<<<<

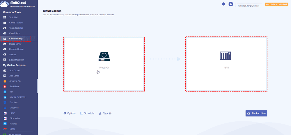 To show you how to perform WebDAV backup with MultCloud, here are the simple steps to backup WebDAV to Synology NAS, just for reference:
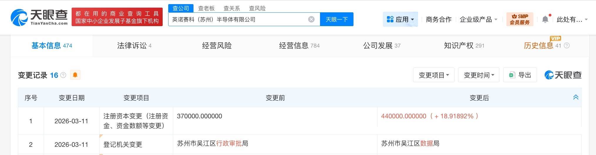 南方财经3月17日电,天眼查工商信息显示,近日股票配资门户导航,英诺赛科(苏州)半导体有限公司发生工商变更,注册资本由37亿人民币增至44亿人民币,增幅约19%。该公司成立于2017年10月,法定代表人为WEIWEILUO,经营范围包括半导体器件的研发、设计、生产、销售等。股东信息显示,该公司由英诺赛科(苏州)科技股份有限公司全资持股。
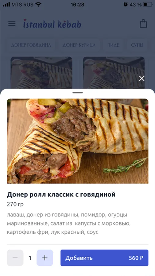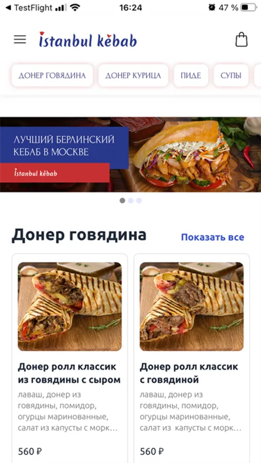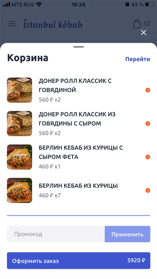 Приложение по заказу блюд ресторана IstanbulKebab. Возможность познакомиться с меню ресторанов, сделать онлайн заказ и использовать акции и предложения бренда.
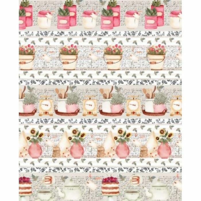 Descrição Tecido Tricoline Digital Barrado Country Kitchen
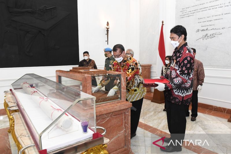 Sekretariat Presiden (Setpres) menempatkan naskah asli teks proklamasi di Istana Merdeka Jakarta pada Selasa (16/8/2022). ANTARA/Kris - Biro Pers Sekretariat Presiden
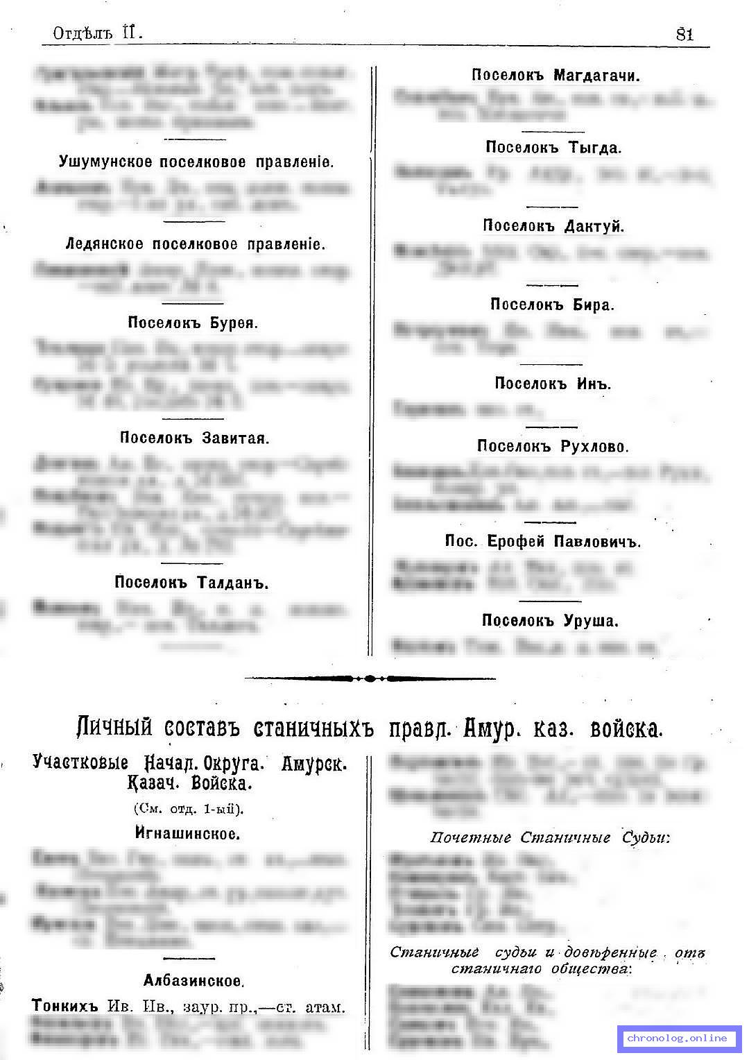 Разное СИ-АО-1915, стр.81 (Памятная книжка и адрес-календарь Амурской области на 1915 год): Правление Албазинского станичного округа Амурского казачьего войска. Станичный атаман Тонких Иван Иванович. Время и место исхода не показано. Снимки: 81. | |||
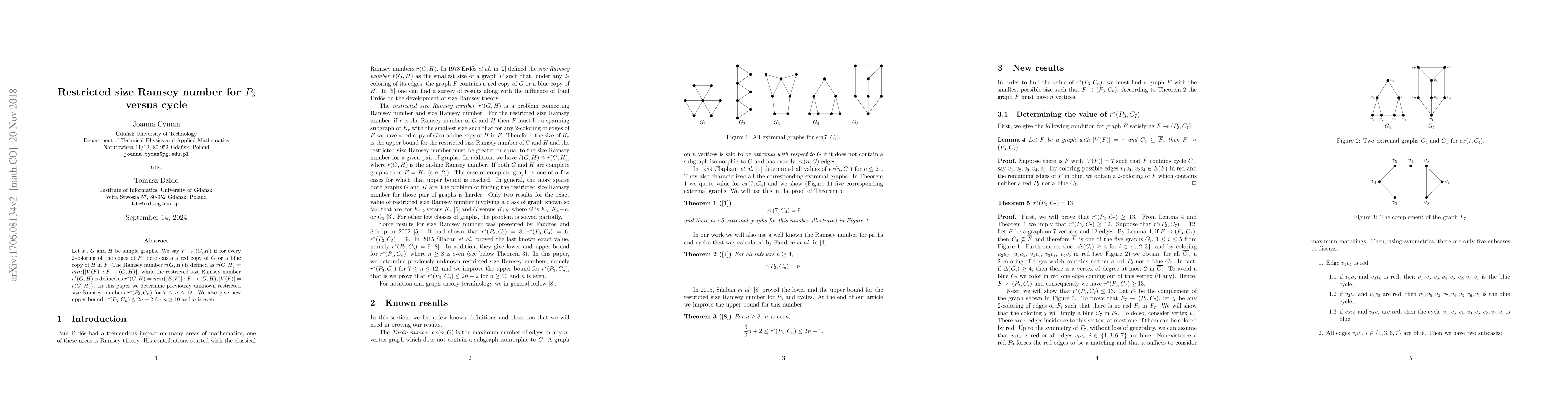 This paper determines previously unknown restricted size Ramsey numbers for paths of length 3 ($P_3$) versus cycles ($C_n$) for $7 \leq n \leq 12$, and provides a new upper bound $r^{*}(P_3, C_n) \leq 2n-2$ for even $n \geq 8$.
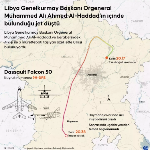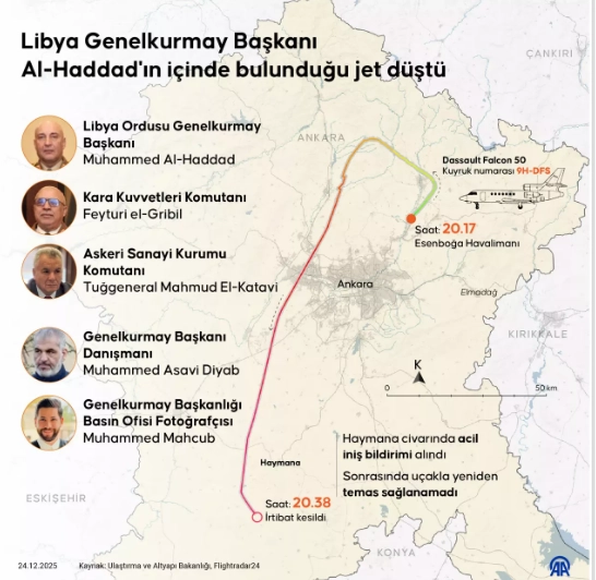Yapılan arama çalışmaları sonucunda, uçağın enkazına Ankara’nın Haymana ilçesi kırsalında ulaşılmış; uçakta bulunan Libya Genelkurmay Başkanı, Kara Kuvvetleri Komutanı, beraberindeki askerî heyet üyeleri ve uçuş ekibinin tamamının hayatını kaybettiği tespit edilmiştir.
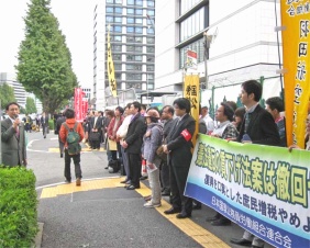 ■賃下げ法案は憲法違反/公務労働者の座り込みを激励(11月22日) 政府が国会提出している国家公務員の賃金を平均7・8%引き下げる特例法案(賃下げ法案)の国会審議が始まる緊迫した状況のもとで、全労連公務部会・公務労組連絡会が、賃下げ法案の廃案を求めて、衆院第2議員会館前で200人が座り込み行動。賃下げされれば、景気悪化をさらに深刻にし、賃下げの悪循環を招く。法案の撤回、廃案を求めていく。 |
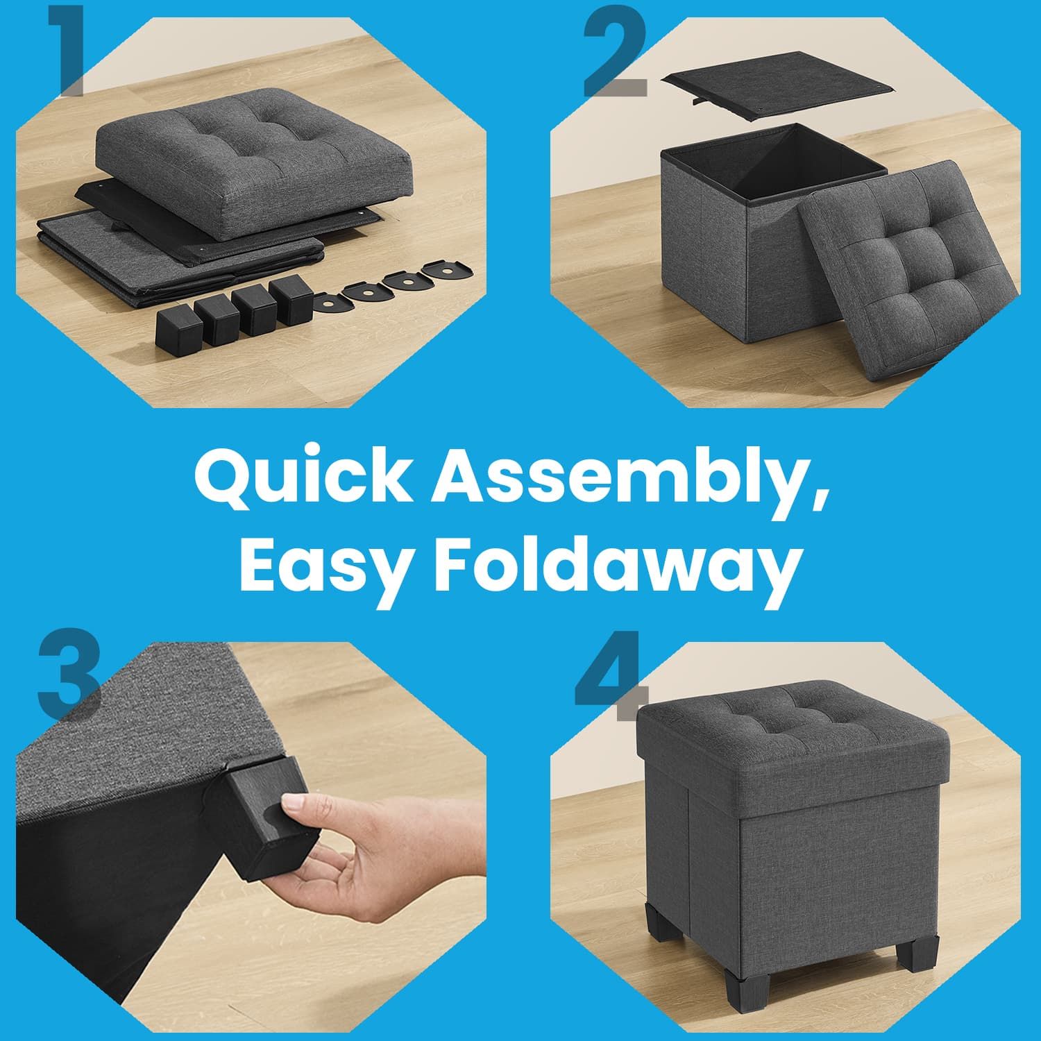 Ottoman Seats - VERRA Foldable Foot Rest 38.1 x 38.1 cm - Grey
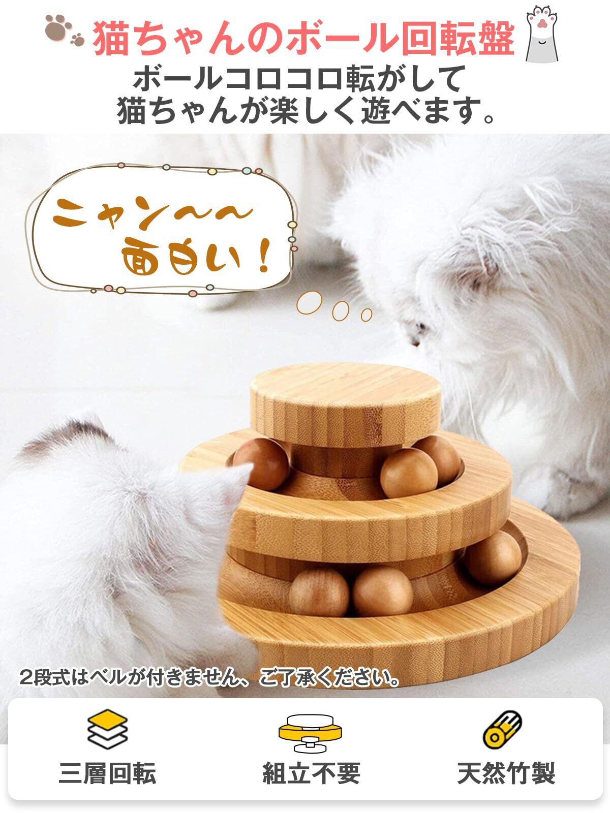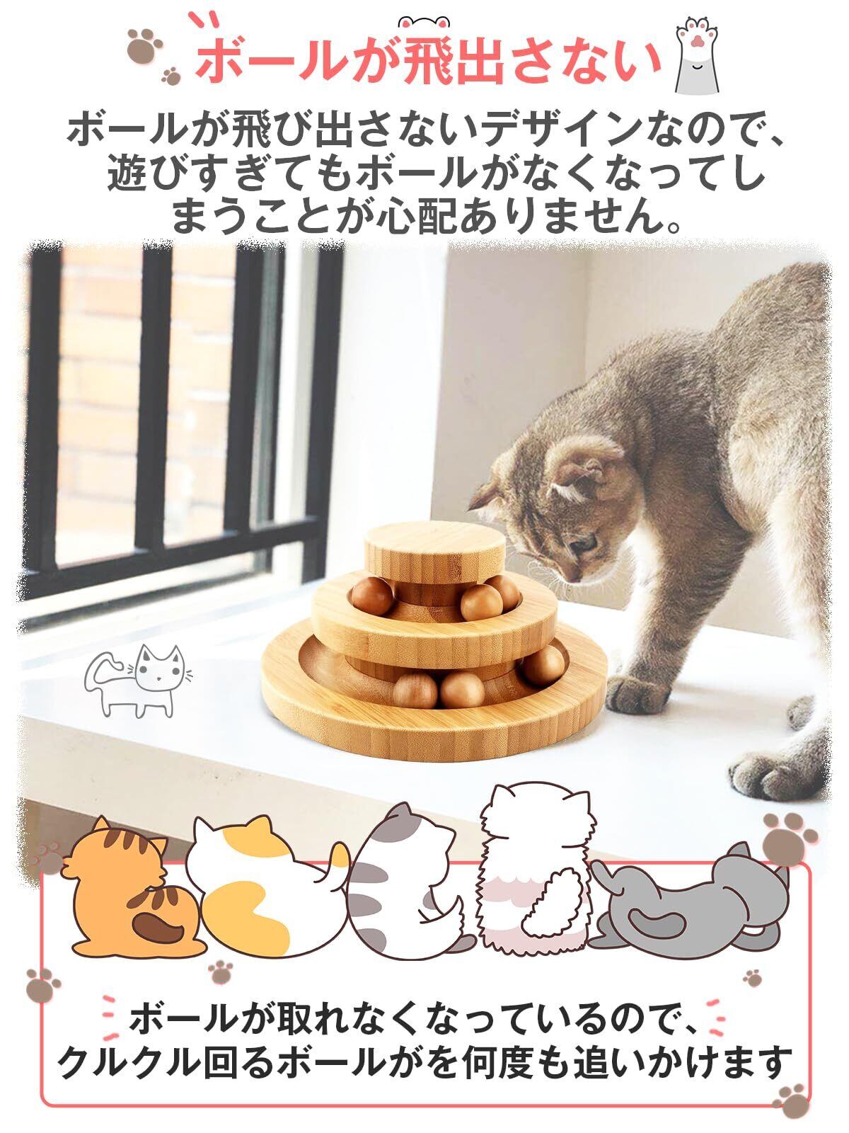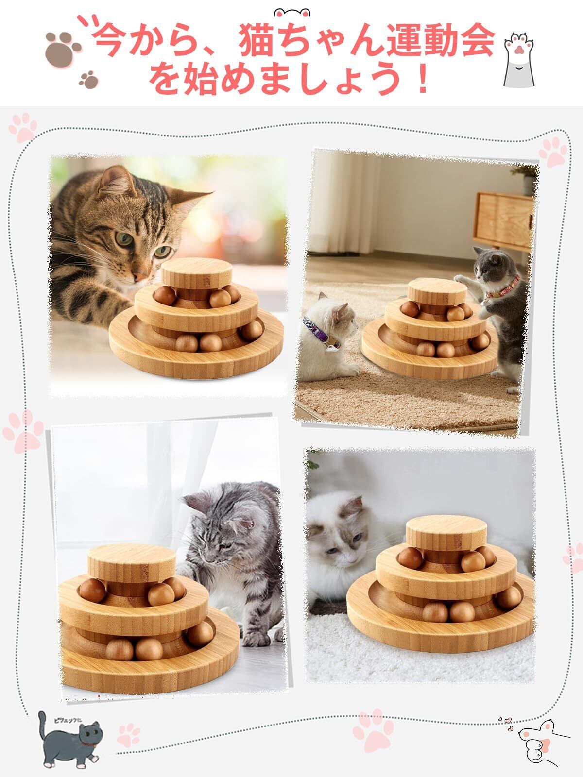 【楽しい二層構造】 このおもちゃには、各層に分かれて回転する木製のボールがあり、猫ちゃんがどれだけ突っついても捕まえることのできない、常に動き続けるターゲットを提供します。これにより、猫の興味を長時間引きつけ、運動と頭の体操を同時に促します。
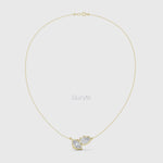 A modern and stylish necklace featuring a pear-cut and marquise-cut diamond duo in a unique collet setting. This minimal yet bold design balances elegance with contemporary flair, making it perfect for both layering and standalone...

>>>>

- _ACTIVITY_: Pictures are to be omitted from the copy, and only the lines from the one containing "Разное СИ-АО-1915, стр.81" through the final line of the listing above are to be written out exactly.

- _EXERCISE RESULT_:
 Разное СИ-АО-1915, стр.81 (Памятная книжка и адрес-календарь Амурской области на 1915 год): Правление Албазинского станичного округа Амурского казачьего войска. Станичный атаман Тонких Иван Иванович. Время и место исхода не показано. Снимки: 81. | |||
 This paper determines previously unknown restricted size Ramsey numbers for paths of length 3 ($P_3$) versus cycles ($C_n$) for $7 \leq n \leq 12$, and provides a new upper bound $r^{*}(P_3, C_n) \leq 2n-2$ for even $n \geq 8$.
Yapılan arama çalışmaları sonucunda, uçağın enkazına Ankara’nın Haymana ilçesi kırsalında ulaşılmış; uçakta bulunan Libya Genelkurmay Başkanı, Kara Kuvvetleri Komutanı, beraberindeki askerî heyet üyeleri ve uçuş ekibinin tamamının hayatını kaybettiği tespit edilmiştir.
 ■賃下げ法案は憲法違反/公務労働者の座り込みを激励(11月22日) 政府が国会提出している国家公務員の賃金を平均7・8%引き下げる特例法案(賃下げ法案)の国会審議が始まる緊迫した状況のもとで、全労連公務部会・公務労組連絡会が、賃下げ法案の廃案を求めて、衆院第2議員会館前で200人が座り込み行動。賃下げされれば、景気悪化をさらに深刻にし、賃下げの悪循環を招く。法案の撤回、廃案を求めていく。 |
 Ottoman Seats - VERRA Foldable Foot Rest 38.1 x 38.1 cm - Grey
 【楽しい二層構造】 このおもちゃには、各層に分かれて回転する木製のボールがあり、猫ちゃんがどれだけ突っついても捕まえることのできない、常に動き続けるターゲットを提供します。これにより、猫の興味を長時間引きつけ、運動と頭の体操を同時に促します。
 A modern and stylish necklace featuring a pear-cut and marquise-cut diamond duo in a unique collet setting. This minimal yet bold design balances elegance with contemporary flair, making it perfect for both layering and standalone...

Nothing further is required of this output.